Iterative Plotting
Iterative Plotting for Easy and Aesthetic Figures
When making a plot, it’s best to build your plot iteratively: make a version of the plot, observe the outcome, and then make changes or add an element and replot. This helps us catch mistakes as they occur (typos, colour problems, etc) and prevents small problems from creating big, difficult to diagnose problems in a long set of code.
For our example, let’s use the example from the Intro to ggplot2
section, looking at salamanders and trout:
library(tidyverse)
library(lterdatasampler)
df <- lterdatasampler::and_vertebrates
names(df)
## [1] "year" "sitecode" "section" "reach"

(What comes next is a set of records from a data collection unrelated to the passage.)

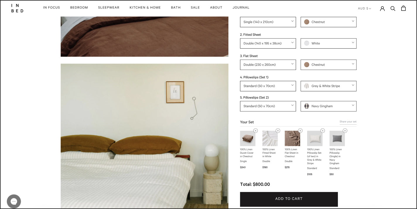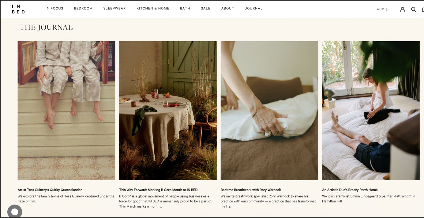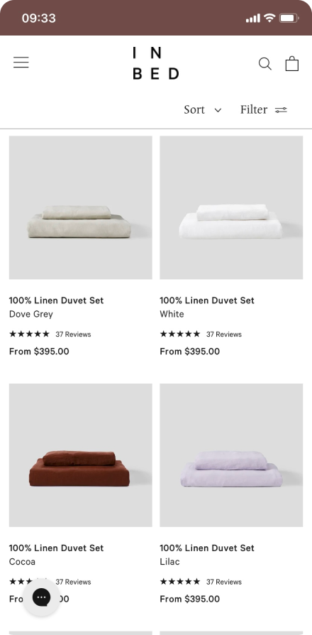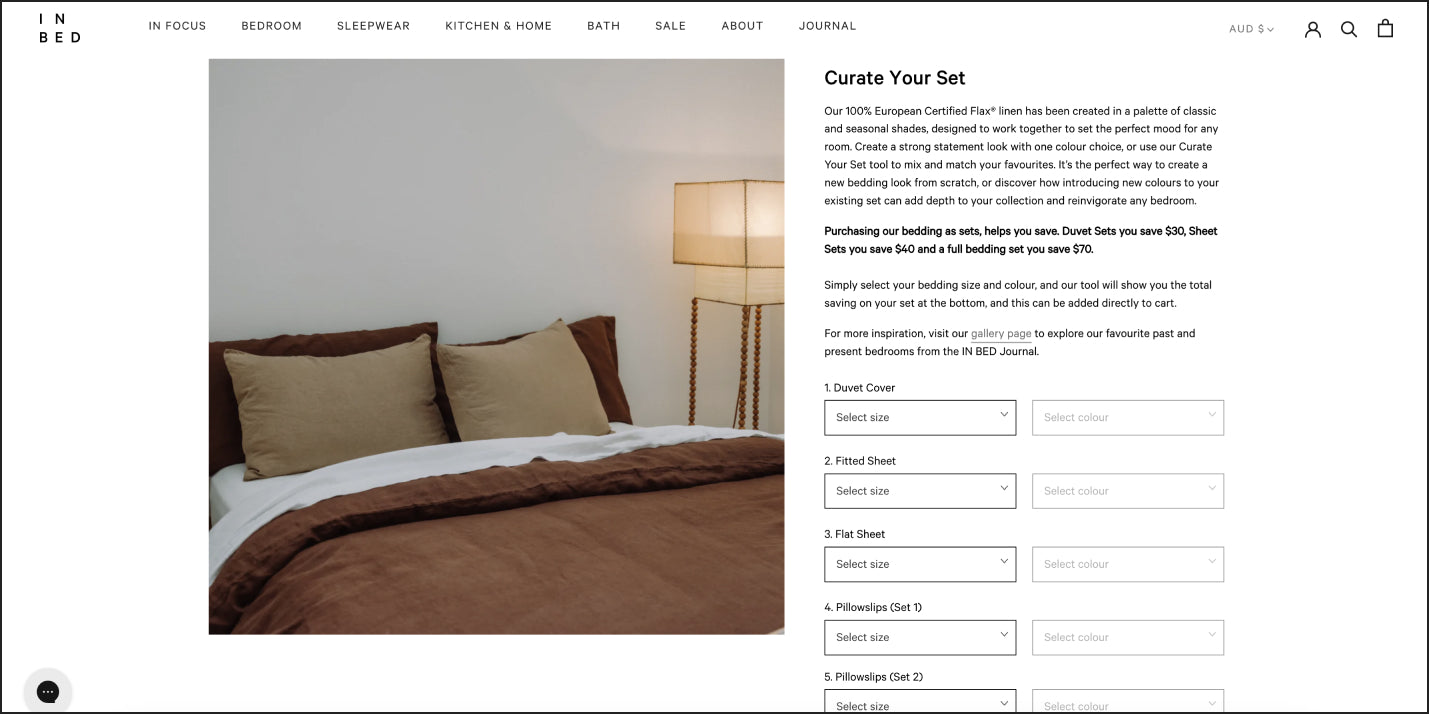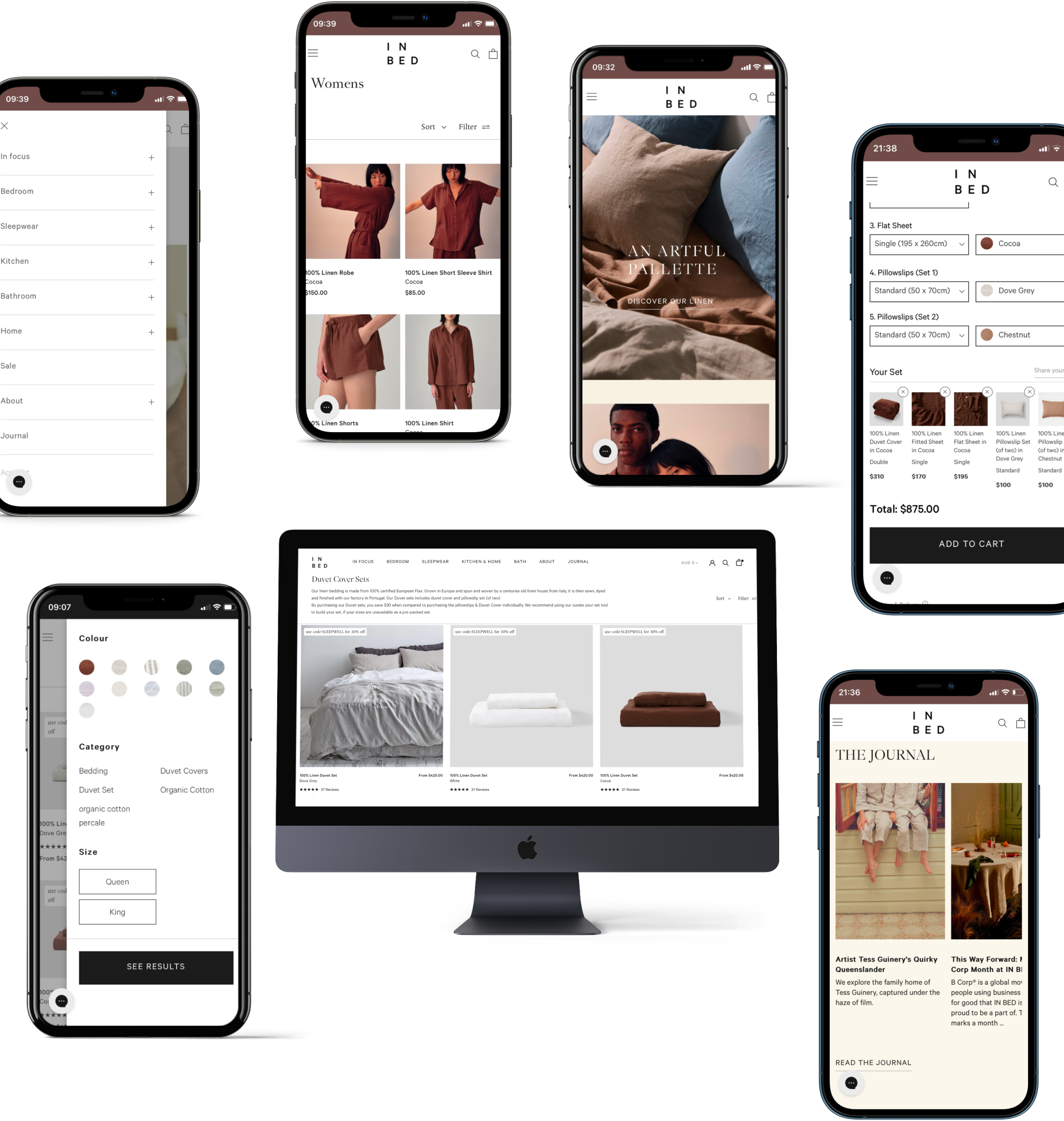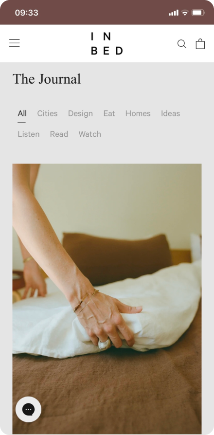 and page templates to make the most of the Shopify 2.0 upgrades, migrating from WooCommerce. The objective of the design updates and the migration were to give IN BED more flexibility with content, marketing management and to improve the experience for users on the website whilst reflecting the brand refresh for a more editorial look.
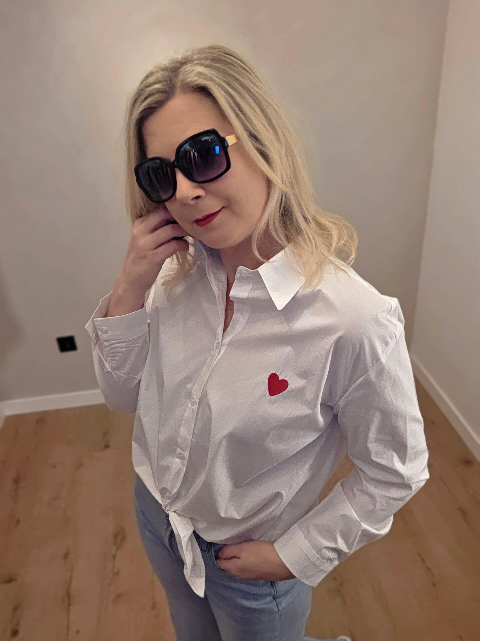 Klassische Damenbluse aus 100 % Baumwolle mit modernem Herz-Detail auf der Brust. Der zeitlose Schnitt trifft auf ein verspieltes, modisches Highlight und macht die Bluse zu einem besonderen Hingucker.
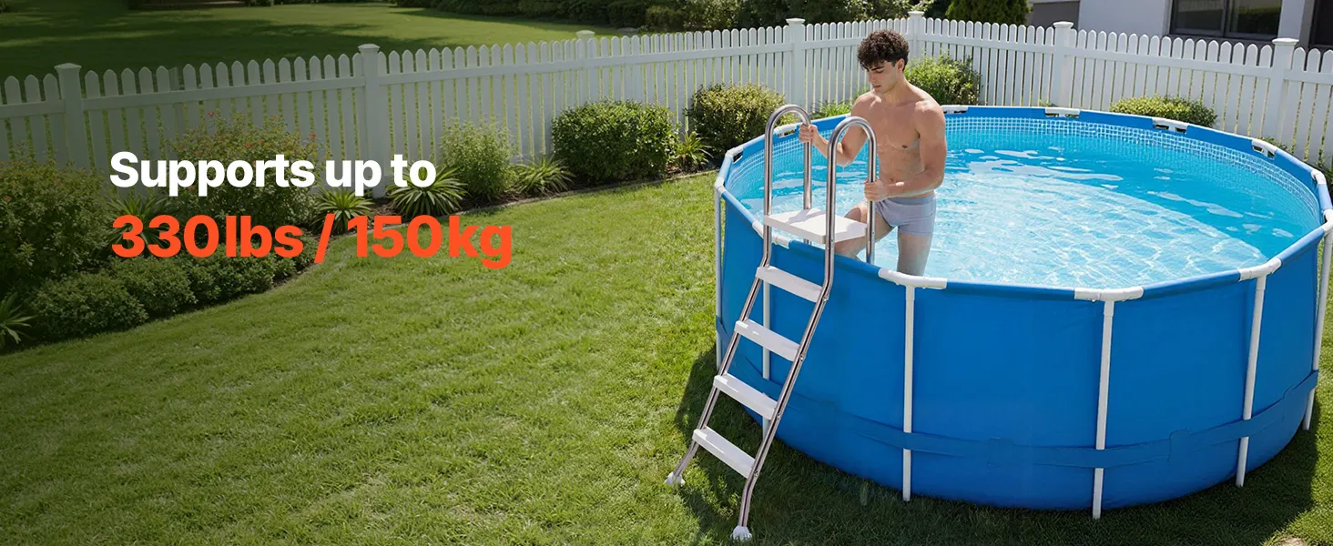 Secure and Stable: These above ground pool steps feature non-slip widened steps and a stable platform that provide secure footing and buffer space when entering or exiting the pool. Reinforced crossbars and anti-slip rubber feet support up to 150 kg
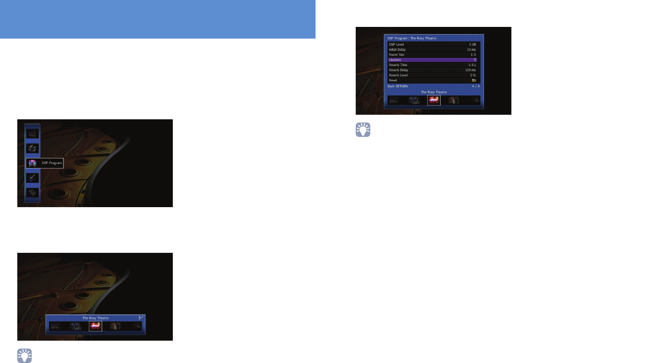 - Configuring sound programs/surround decoders (DSP Program menu)
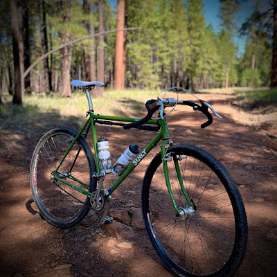 Nevertheless, while never having been raced, my Cross-Check, as the dings in its paintjob will attest, has seen thousands of miles of trails and roads, both dirt and paved, over the years. It's that much fun to ride. I consider it a kind of essential bicycle... as in it's commonly been my response to the question I often get when folks visit my garage, "If you had to sell all your bikes and could only keep one, which one do you think you would save?" For a long, long time, my answer was this simple, inexpensive, utilitarian bike, my Surly Cross-Check. Though frankly, in the last year-and-a-half, my answer's certainly changed to my Coconino, just because it's truly my bike and plays especially beautiful music for me.
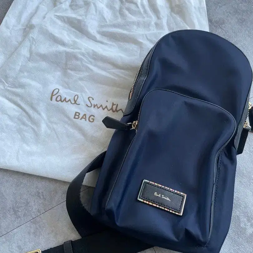 네이비 색상의 나일론 소재 숄더백, 지퍼 포켓 있음, 수납 봉투 포함.
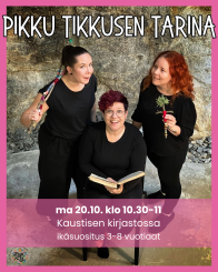 Pikku Tikkusen tarina on monitaiteellinen erilaisiin tapahtumiin räätälöity esitys, jossa Pikku Tikkusen tarina herää henkiin runon, musiikin, tanssin ja kuvataiteen keinoin. Esityksen teemana ovat ulkopuolisuus sekä erilaisuuden hyväksyminen. Ikäsuositus 3-8 -vuotiaat.

## [5] "pass" "unitnum" "unittype" "vert_index"
## [9] "pitnumber" "species" "length_1_mm" "length_2_mm"
## [13] "weight_g" "clip" "sampledate" "notes"
Building a Basic Plot
Let’s again plot a scatter plot of length_1_mm
vs. weight_g
. We’ll start out with the absolute minimum number of arguments:
- The call to
ggplot()
- The mappings (i.e. what variables we want on the x- and y-axis)
- The `geom_` function denoting what *type* of plot we’re going for
ggplot() +
geom_point(data = df, mapping = aes(x = length_1_mm, y = weight_g))
Ok so we see our plot! Perfect. So the first thing to do, before we make any stylistic additions, is to deal with the components of the plot that are must-haves to have a legible, complete plot. First step is the axis labels. Also note that units ALWAYS go on axis labels. So to iteratively work up our plot, we’ll add that one component on, by using the new function labs()
:
ggplot() +
geom_point(data = df, mapping = aes(x = length_1_mm, y = weight_g)) +
labs(x = "Length (mm)", y = "Weight (g)")
Climate Change Sentinels
Fish and Amphibians such as the ones in our example dataset, are often among the first taxa to be affected by distrbances to their ecosystems. While those in our example dataset are from a long-term study site in Oregon, USA, there is in fact a long-term ecological research program on amphibeans and other vertebrates in Algonquin Park, ON, run in part by EEB professor Dr. Njal Rollinson
The research performed in Algonquin park and at U of T, specifically tackles tough questions like the adaptive significance of ecotherm biology, and the effects anthropogenic change has on these organisms.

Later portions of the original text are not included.